= George Edwards (writer) =

George Edwards (1752 – 17 February 1823) was a Scottish medical doctor and writer.

==Life==
Edwards took his degree at the University of Edinburgh in 1772, and appears to have practised as a physician in London, and latterly at Barnard Castle, Durham. He was an untiring propounder of political and social schemes between 1779 and 1819. It does not appear that Edwards attracted any attention, and he may not have been entirely sane. He died in London on 17 February 1823, aged 77.

==Works==
The British Museum contained 42 of his books; the following titles are representative: 'A certain Way to save our Country, and make us a more happy and flourishing people than at any former period of our history ' (1807); 'The Practical System of Human Economy, or the New Era at length fully ascertained, whereby we are able in one immediate, simple undertaking to remove the distress, burdens, and grievances of the times, and to bring all our interests, public, private, and commercial, to their intended perfection' (1816).

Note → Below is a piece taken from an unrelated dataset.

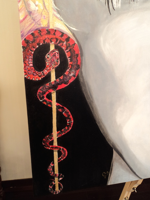 Il serpente rosso e nero, nei colori forti che indicano al predatore di stare attento perché potrebbe essere un animale velenoso. Il serpente che richiama la tentazione e il paradiso perduto e forse il sogno impossibile di poter tornare indietro nel passato.

Edwards's writings abound in the unconscious humor of the egotist deeply persuaded of his mission. He gives notice that 'the Almighty has destined that I should discover his true system of human economy.' In a petition to the House of Commons (1816?), he prays that the house should carry out the schemes which were the fruits of 'almost half a century's attention.' Among his proposals were the removal of taxes hurtful to industry, economy, and reduction of public expenditure, the sale of certain national properties, particularly Gibraltar, the extension of the income tax to all orders, and forbearance for any requisite period to pay off the national debt as 'altogether superfluous with the accession of the new and happy era of mankind.' Government boards were to superintend all the interests of mankind, and everybody was to be actuated by truly Christian principles.

He published an address 'aux citoyens Français sur la Nouvelle Constitution,' and 'Idées pour former une Nouvelle Constitution, et pour assurer la prospérité et le bonheur de la France et d'autres nations' (Paris, 1793).